■ **EXERCISE AIM**:
Work through the data line by line, gathering every line that has the word "into".

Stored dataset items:

--- --- ---

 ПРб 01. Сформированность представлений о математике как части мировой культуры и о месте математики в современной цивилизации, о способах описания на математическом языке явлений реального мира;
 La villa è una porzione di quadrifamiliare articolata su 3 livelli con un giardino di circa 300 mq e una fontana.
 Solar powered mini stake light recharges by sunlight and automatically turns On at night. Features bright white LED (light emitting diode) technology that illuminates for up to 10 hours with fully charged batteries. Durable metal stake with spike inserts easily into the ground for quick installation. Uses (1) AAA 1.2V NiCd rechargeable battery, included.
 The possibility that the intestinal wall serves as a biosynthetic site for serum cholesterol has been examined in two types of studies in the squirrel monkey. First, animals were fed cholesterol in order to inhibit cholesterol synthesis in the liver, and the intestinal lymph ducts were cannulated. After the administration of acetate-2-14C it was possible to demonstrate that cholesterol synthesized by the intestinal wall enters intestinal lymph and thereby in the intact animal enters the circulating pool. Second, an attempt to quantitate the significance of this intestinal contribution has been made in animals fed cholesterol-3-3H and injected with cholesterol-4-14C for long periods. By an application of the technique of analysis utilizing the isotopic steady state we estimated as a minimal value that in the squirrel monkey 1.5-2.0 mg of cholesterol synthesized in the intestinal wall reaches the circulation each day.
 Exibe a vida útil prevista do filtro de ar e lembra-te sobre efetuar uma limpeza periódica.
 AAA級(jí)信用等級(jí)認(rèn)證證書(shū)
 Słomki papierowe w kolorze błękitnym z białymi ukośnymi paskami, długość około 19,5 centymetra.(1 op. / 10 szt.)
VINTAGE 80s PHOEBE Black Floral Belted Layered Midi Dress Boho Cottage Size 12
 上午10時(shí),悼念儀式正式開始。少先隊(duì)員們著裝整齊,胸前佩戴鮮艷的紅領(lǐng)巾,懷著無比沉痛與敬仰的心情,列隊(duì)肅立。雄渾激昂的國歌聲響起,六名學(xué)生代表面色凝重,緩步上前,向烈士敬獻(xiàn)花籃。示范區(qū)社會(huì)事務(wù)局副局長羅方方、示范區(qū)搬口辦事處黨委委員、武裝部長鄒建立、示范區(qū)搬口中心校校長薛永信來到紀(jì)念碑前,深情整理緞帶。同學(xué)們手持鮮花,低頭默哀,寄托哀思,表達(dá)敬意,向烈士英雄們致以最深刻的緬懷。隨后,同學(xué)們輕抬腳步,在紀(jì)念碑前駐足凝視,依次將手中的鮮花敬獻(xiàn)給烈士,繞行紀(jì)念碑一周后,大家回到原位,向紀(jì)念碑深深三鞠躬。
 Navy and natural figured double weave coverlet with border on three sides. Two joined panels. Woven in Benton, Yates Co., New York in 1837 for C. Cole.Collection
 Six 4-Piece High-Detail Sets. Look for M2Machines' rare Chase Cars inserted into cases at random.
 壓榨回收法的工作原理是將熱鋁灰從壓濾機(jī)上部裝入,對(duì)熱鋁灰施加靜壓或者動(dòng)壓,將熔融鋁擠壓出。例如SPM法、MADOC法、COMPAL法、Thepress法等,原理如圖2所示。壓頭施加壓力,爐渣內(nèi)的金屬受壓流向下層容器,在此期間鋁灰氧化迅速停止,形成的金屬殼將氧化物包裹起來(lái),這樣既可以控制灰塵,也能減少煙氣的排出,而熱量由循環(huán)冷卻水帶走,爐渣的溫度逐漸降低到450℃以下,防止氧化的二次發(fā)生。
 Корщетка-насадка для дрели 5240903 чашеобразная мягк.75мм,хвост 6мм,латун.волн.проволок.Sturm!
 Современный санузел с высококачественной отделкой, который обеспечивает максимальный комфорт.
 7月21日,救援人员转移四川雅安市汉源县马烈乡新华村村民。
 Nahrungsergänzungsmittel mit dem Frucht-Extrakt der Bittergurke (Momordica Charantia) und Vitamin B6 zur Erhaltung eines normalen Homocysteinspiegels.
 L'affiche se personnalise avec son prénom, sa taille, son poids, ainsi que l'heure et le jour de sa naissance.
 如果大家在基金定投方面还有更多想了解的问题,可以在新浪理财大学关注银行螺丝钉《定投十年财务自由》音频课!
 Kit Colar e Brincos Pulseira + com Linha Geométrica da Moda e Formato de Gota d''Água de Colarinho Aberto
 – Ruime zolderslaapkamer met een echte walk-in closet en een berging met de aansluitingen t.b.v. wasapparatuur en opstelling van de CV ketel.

--- --- ---

■ **ANSWER SPACE**:
 Solar powered mini stake light recharges by sunlight and automatically turns On at night. Features bright white LED (light emitting diode) technology that illuminates for up to 10 hours with fully charged batteries. Durable metal stake with spike inserts easily into the ground for quick installation. Uses (1) AAA 1.2V NiCd rechargeable battery, included.
 Six 4-Piece High-Detail Sets. Look for M2Machines' rare Chase Cars inserted into cases at random.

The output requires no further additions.